• Information supplied:
▽

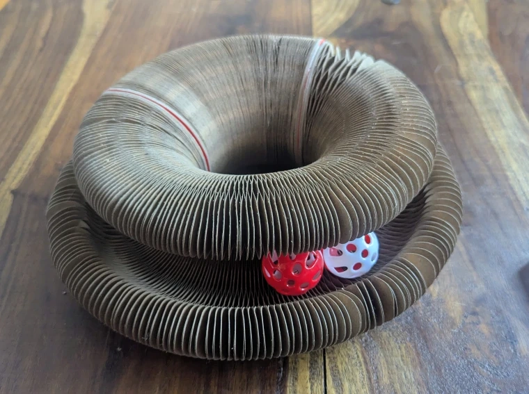 This fun cat tunnel is made from durable corrugated cardboard. It's designed to be foldable for easy storage. It includes two rattling balls, one red and one white, to keep your feline friend entertained. This toy is great for play and exploration!
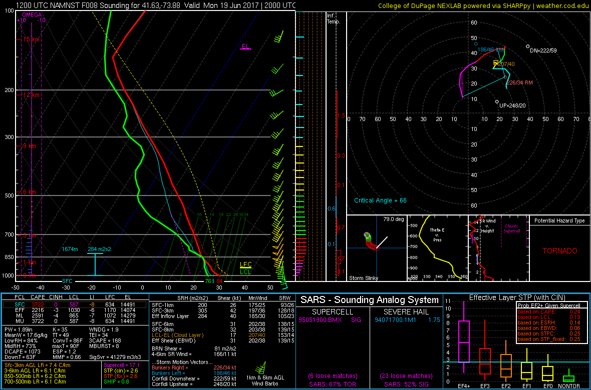 3km NAM sounding late this afternoon from Pougkeepsie,NY, showing high SBCAPE winds veering with height and low LCL heights supporting weak supercell tornado.
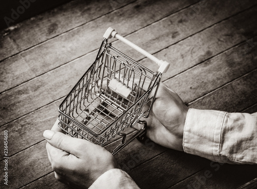 Young Woman Hands Holding Little Cart On Wooden Background Half Side View Image In Black And White Color Style Buy This Stock Photo And Explore Similar Images At Adobe Stock

△

• Work request:
Every line from the one with "3km NAM sounding" through the last line of the listing above must be written out exactly, and no picture may appear.

• Task response:
 3km NAM sounding late this afternoon from Pougkeepsie,NY, showing high SBCAPE winds veering with height and low LCL heights supporting weak supercell tornado.
 Young Woman Hands Holding Little Cart On Wooden Background Half Side View Image In Black And White Color Style Buy This Stock Photo And Explore Similar Images At Adobe Stock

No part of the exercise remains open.